Evas main goals are to be easy to use and optimized. The latter is one of its strongest points: it's very light on memory, blit functions are optimized in C and MMX, SSE or Altivec where possible. It can use rendering threads, splitting independent work among threads, reaching about sqrt(N-cores) improvements. Since it can know what changed from one frame to another, it can do employ dirty-rectangle optimizations to avoid repainting unchanged areas and will also merge dirty rectangles to avoid painting the same area twice (NP problem, solved with a good heuristic). There are also engines that use hardware acceleration, like OpenGL, DirectFB and XRender/X11. Evas ships with native 16bpp engines targeted at embedded systems.

Documentation

  • API (Doxygen)
  • Evas is base of Edje, so its documentations can serve as guide as well.

Features

  • Optimized for raster and bitmaps
  • Basic Primitives:
    • Rectangles, Lines and Polygons
    • Gradients: includes different modes like linear, radial and more, with different configurations, stop points and even semi-transparent colors.
    • Images: includes different scaling methods, like nearest or smooth super and super-sampled.
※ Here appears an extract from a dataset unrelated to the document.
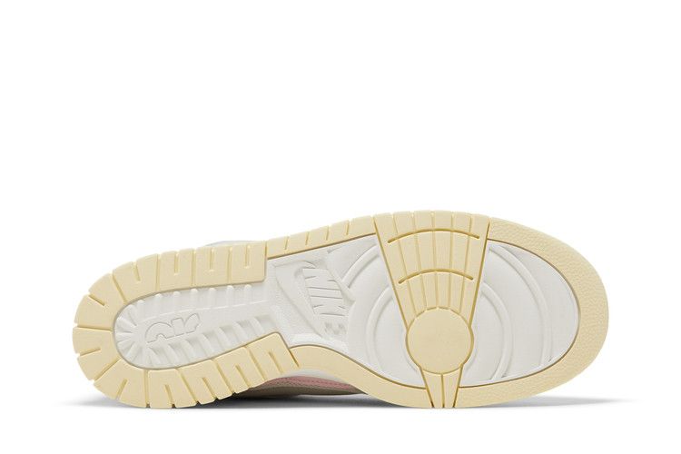 The Nike Dunk High Retro PRM Cracked Leather Swoosh features a Summit White, White, Phantom, and Pink Oxford colorway with gold accents. The upper combines smooth and tumbled leather for...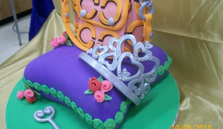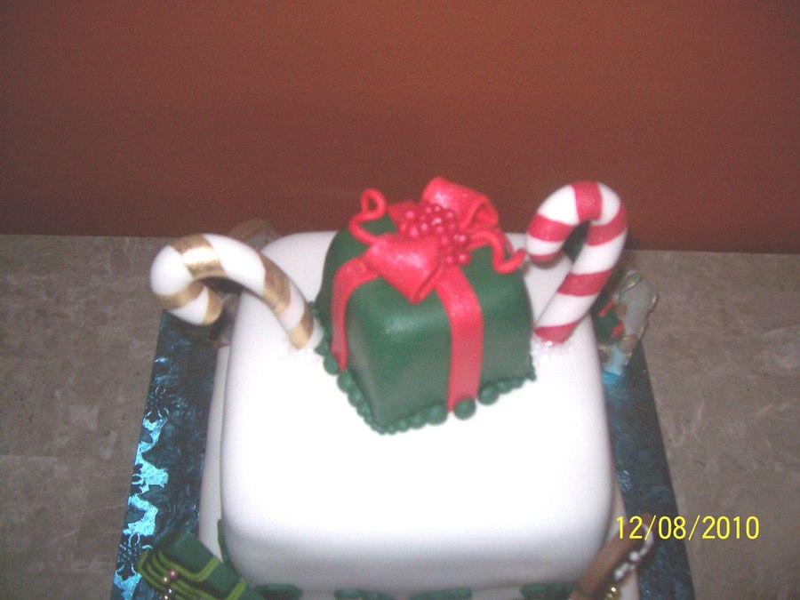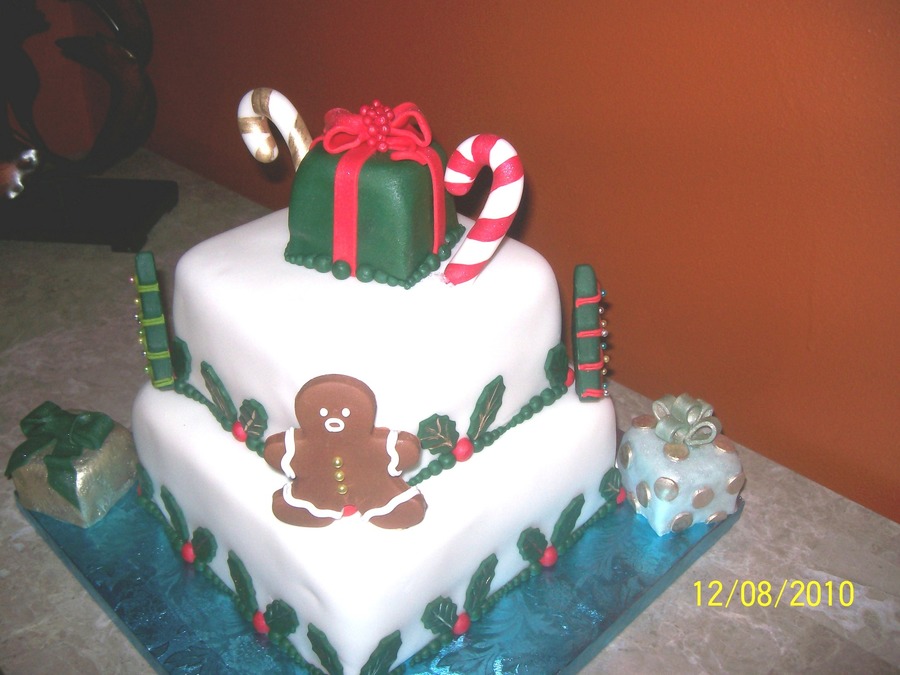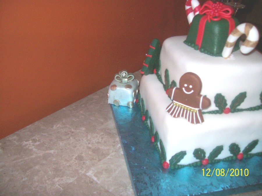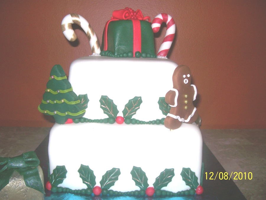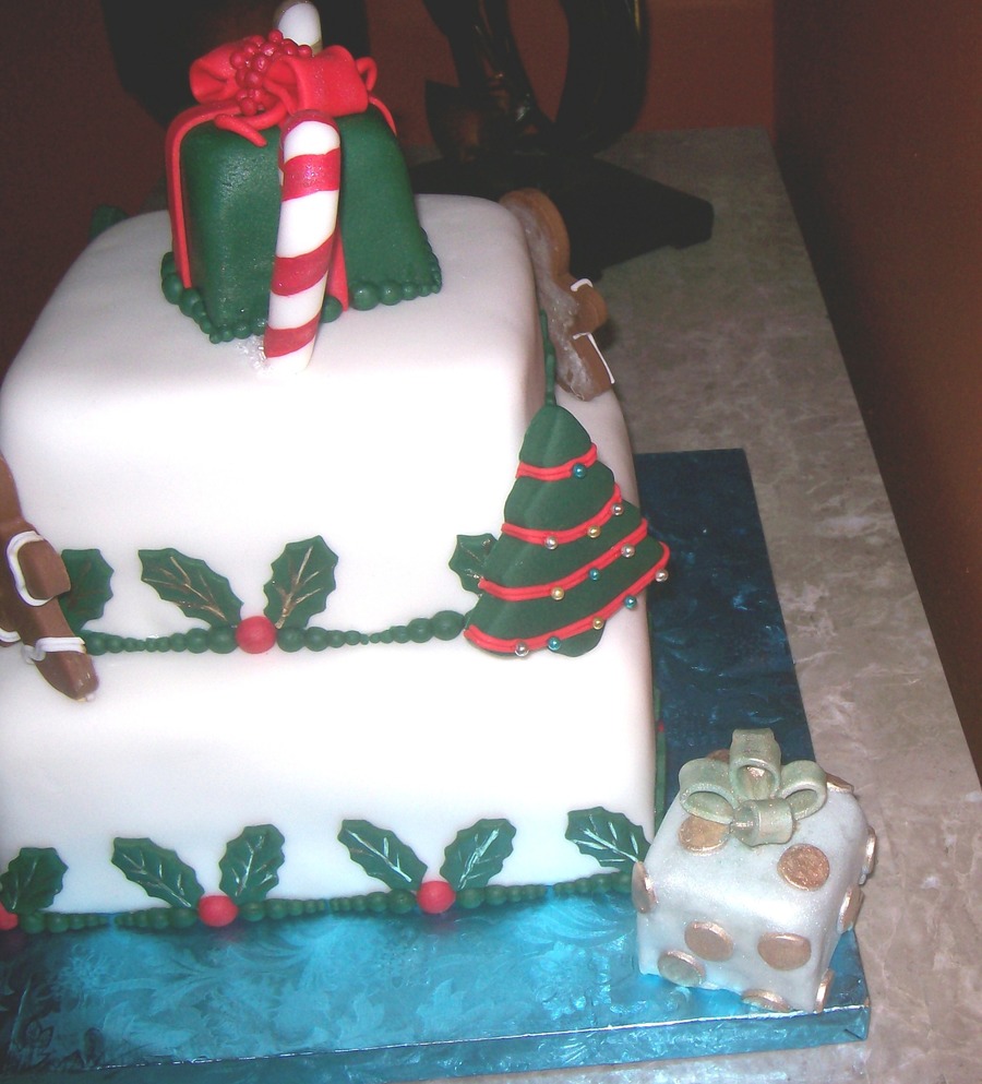6" square Coconut cake & 8' apple cake covered in fondant with decorations also made out of fondant.

It can do image tiling and handles border properties so scale will scale them properly. Can load images from PNG, JPEG, TIFF, PPM, SVG and more.
    • Text: include effects as shadow (hard and soft), outline and glow. Can use fontconfig for font discovery, uses freetype rendering by default. Supports UTF-8.
    • Text Block: handles wrapping and tags to change properties. Supports edit and password mode.
  • Advanced Primivies:
    • Smart Objects: objects without visual, they are used to hold other objects (like groups) and its methods are user-defined, so on resize you can rearrange its children, for example.
    • Box: smart object that can layout a sequence of children in some way. It's extensible, but by default lots of layouts are provided like vertical, horizontal, stack, flow.
    • Table: smart object that layout children in a table, supports row and column spanning.
  • Operations include stacking, rectangular clipping, moving and resizing.
  • It's not tied to any main loop, you must call its render routines and feed events. Ecore_Evas is a helper to ease that process with Ecore main loop and its engines (X11, Xcb, DirectFB...)

Engines

Working engines:

  • 32 bits per pixel native engines (can downscale to 1bpp, with optional dithering):
    • Software Buffer
    • Software X11 and XCB
    • XRender X11 and XCB
    • OpenGL X11
    • Software Linux Framebuffer
    • DirectFB
    • Software SDL
    • Software Win32 GDI
    • Software WindowsCE
    • Software DirectDraw (Windows)
    • Direct3d (Windows)
    • Quartz (MacOS X)
  • 16 bits per pixel:
    • Software 16-X11
    • Software 16-DirectDraw
    • Software 16-WindowsCE
    • Software 16-SDL

Some engines are deprecated, broken or need some work, they include Cairo, GLEW, Qtopia and possible more.